August 1966 (55 years ago)
On a hot night in August in 1966 at Gene Compton’s Cafeteria in San Francisco’s Tenderloin district, a transgender woman took a stand against the repeated police harassment of drag queens and trans people. While being arrested on a pretense of “female impersonation,” she threw her coffee in a police officer’s face. Other queer patrons at the cafeteria joined in her efforts to repel the brutality of the police by throwing sugar shakers and forcing the police out onto the street. Susan Stryker, in her documentary Screaming Queens: The Riot at Compton’s Cafeteria calls it, “the first known instance of collective militant queer resistance to police harassment in United States history.” In 2018, the Tenderloin Museum opened an interactive, original theatre piece inspired by the events of that night. The piece was written by Collette LeGrande, Mark Nassar, and Donna Personna, directed by AeJay Mitchell, and conceived by Mark Nassar and Katie Conry.

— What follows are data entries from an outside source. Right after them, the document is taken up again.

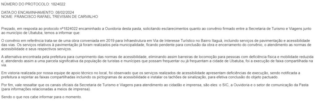 UBATUBA: SECRETARIA ESTADUAL DE TURISMO SE MANIFESTA SOBRE A FAIXA VERDE PINTADA NO ITAGUÁ
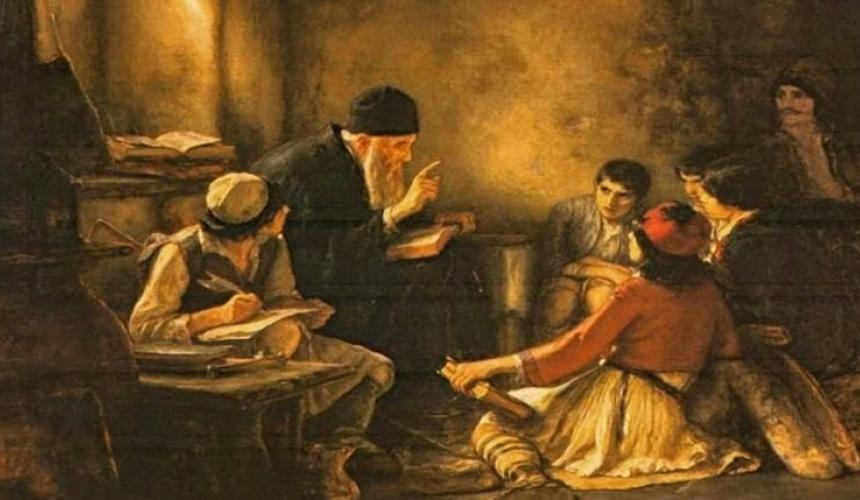Κρυφό σχολειό. Oι Οθωμανοί Σουλτάνοι γνώριζαν τη δύναμη της μόρφωσης και γι’ αυτό την καταδίωκαν! Ήταν το 1885, τότε που ο Νικόλαος Γύζης εμπνεύστηκε τη σκηνή με τον καλόγερο να διδάσκει!
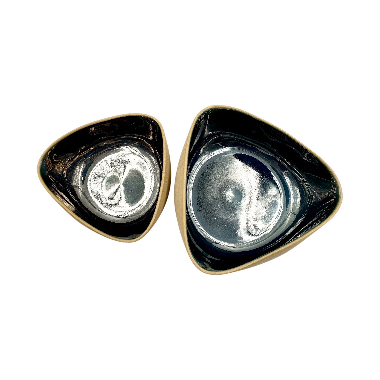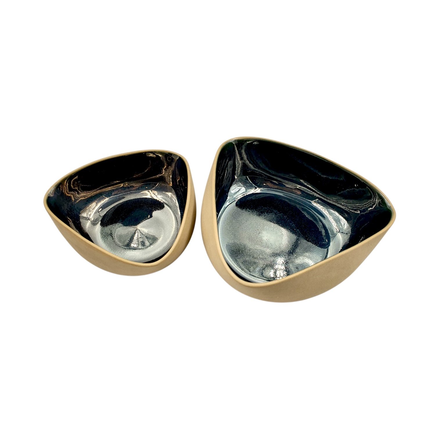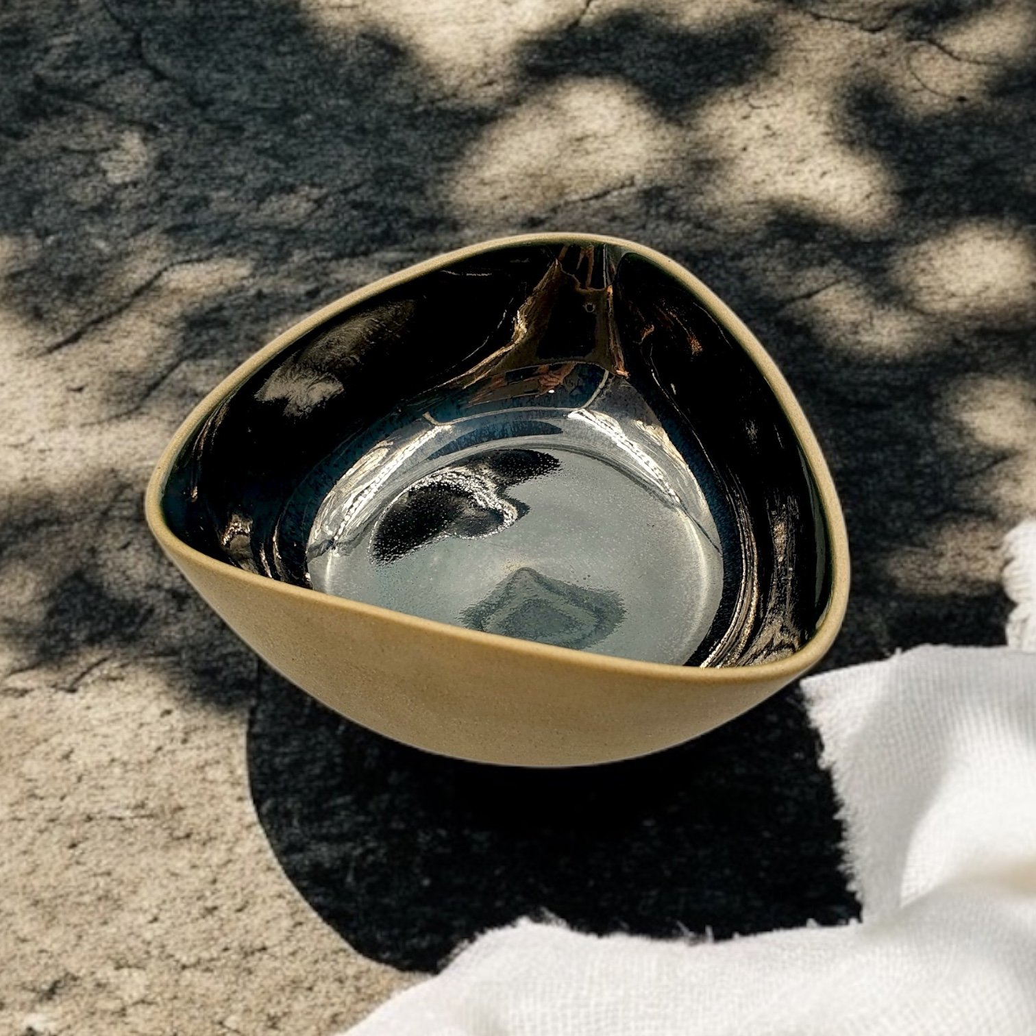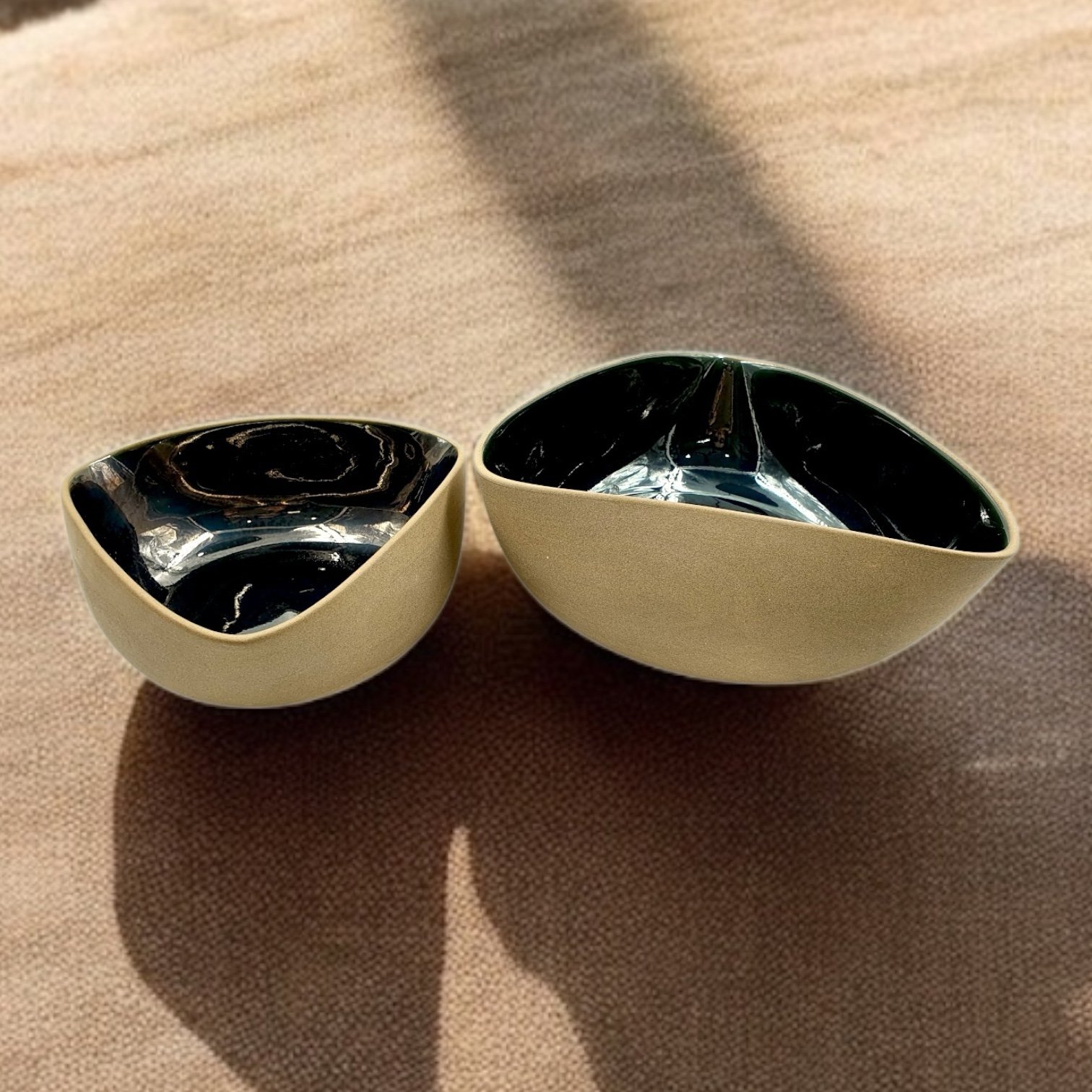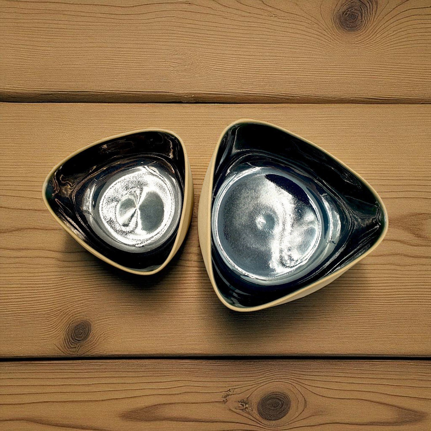The Leafbud Sapphire Glow Bowls are a striking set of two triangular-shaped serving bowls, designed to elevate any hosting experience. Their rich, glossy royal blue glaze — reminiscent of deep sapphires — is paired with a unique tripod base for a sculptural, modern aesthetic. Perfect for serving festive treats, adorning your table, or gifting in style, these bowls bring bold color and refined elegance to every occasion.
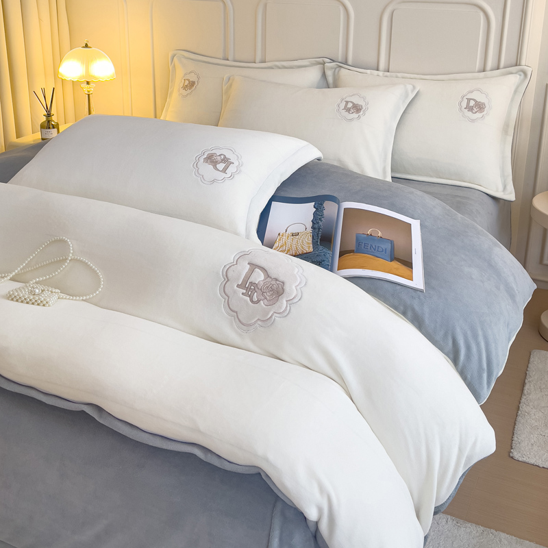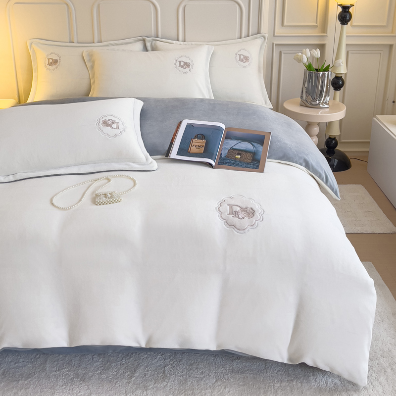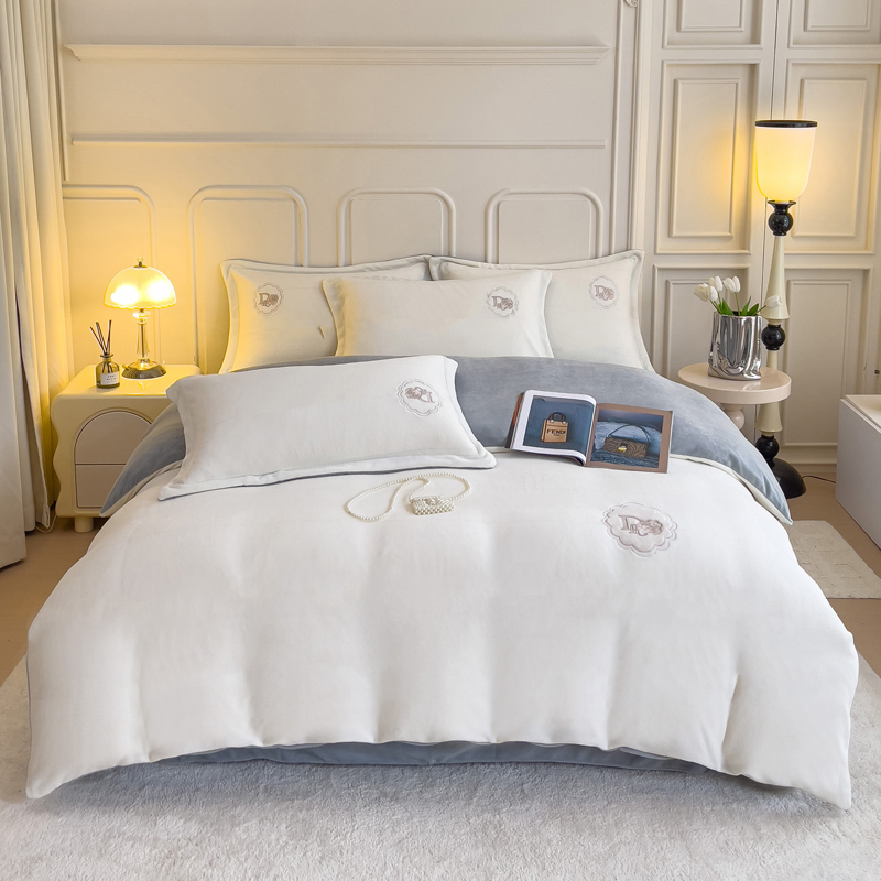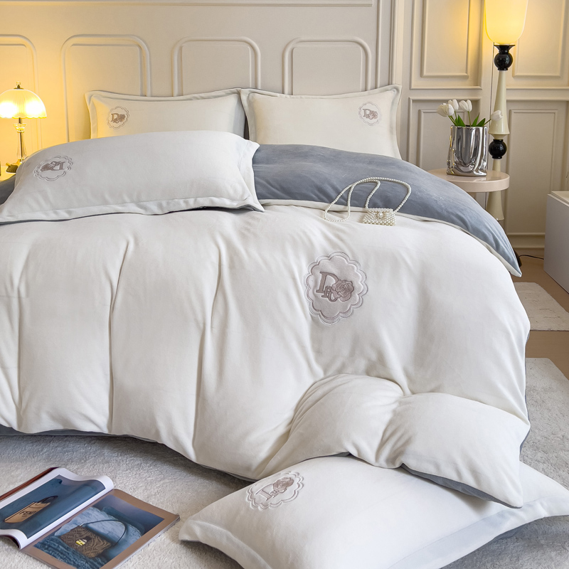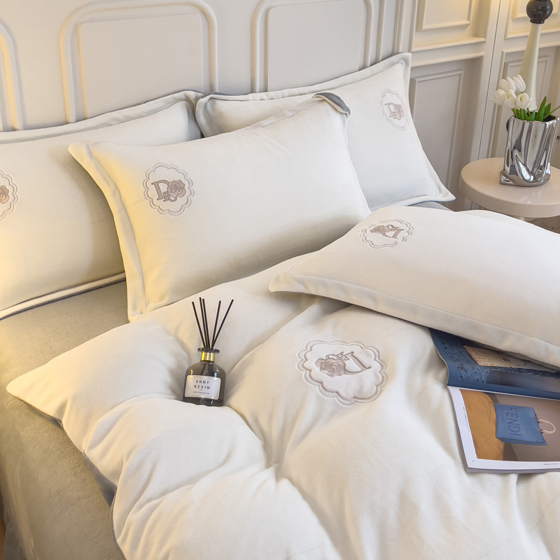 牛奶绒双拼小香风刺绣贴布绣四件套-戴安娜(含买家秀)戴安娜-月光白
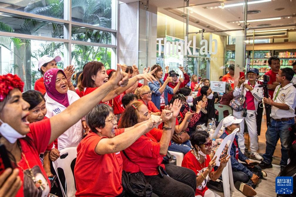 8月22日,民眾在泰國曼谷慶祝賽塔·他威信當選新一任泰國總理。
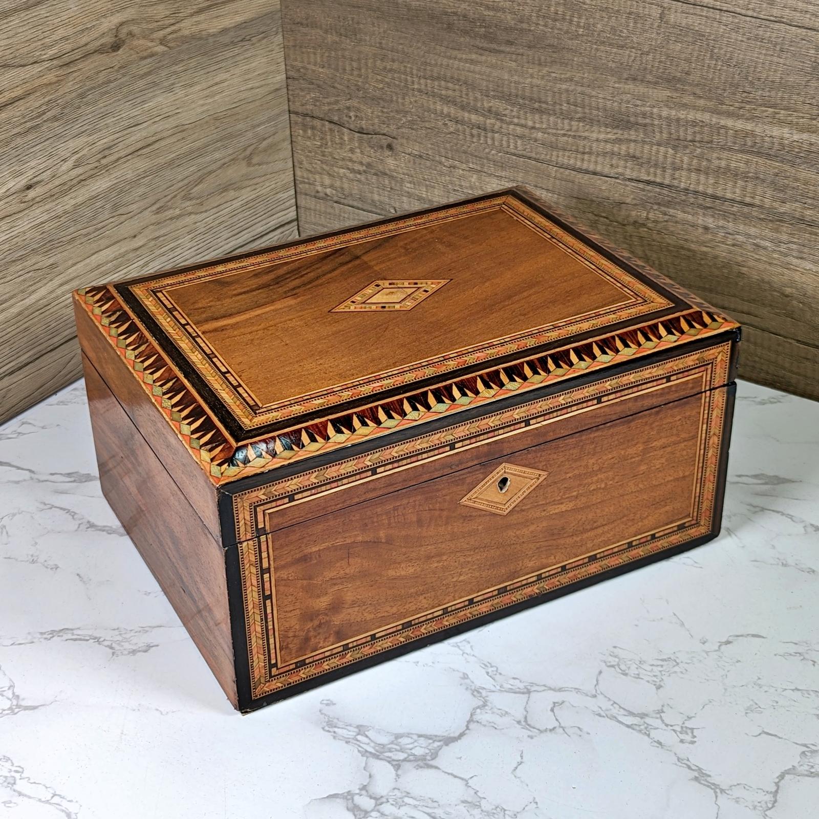 Victorian Walnut & Marquetry Inlaid Jewellery Box

August 2011 (10 years ago)
William S. Yellow Robe Jr. ‘s play Thieves opened at the Public Theatre on Aug. 3, 2011, presented by Amerinda Theatre. Yellow Robe was an Assiniboine and Sioux playwright, actor, director, and teacher, born and raised on the Fort Peck Indian Reservation in Poplar, Mont. We mark this anniversary with sadness at the news that Yellow Robe died in Bangor, Maine, on July 19, 2021, after a long illness. His obituary notes: “Although he had hoped to return to teaching in the fall, his body lost the fight against the traumas of colonization.” Yellow Robe received multiple awards for his contributions to theatre, including a Helen Merrill Award from the New York Community Trust, which was announced in this publication the day after he died. With over 70 plays to his credit and associations with multiple theatre companies and universities, William S. Yellow Robe Jr. made a profound impact on American theatre.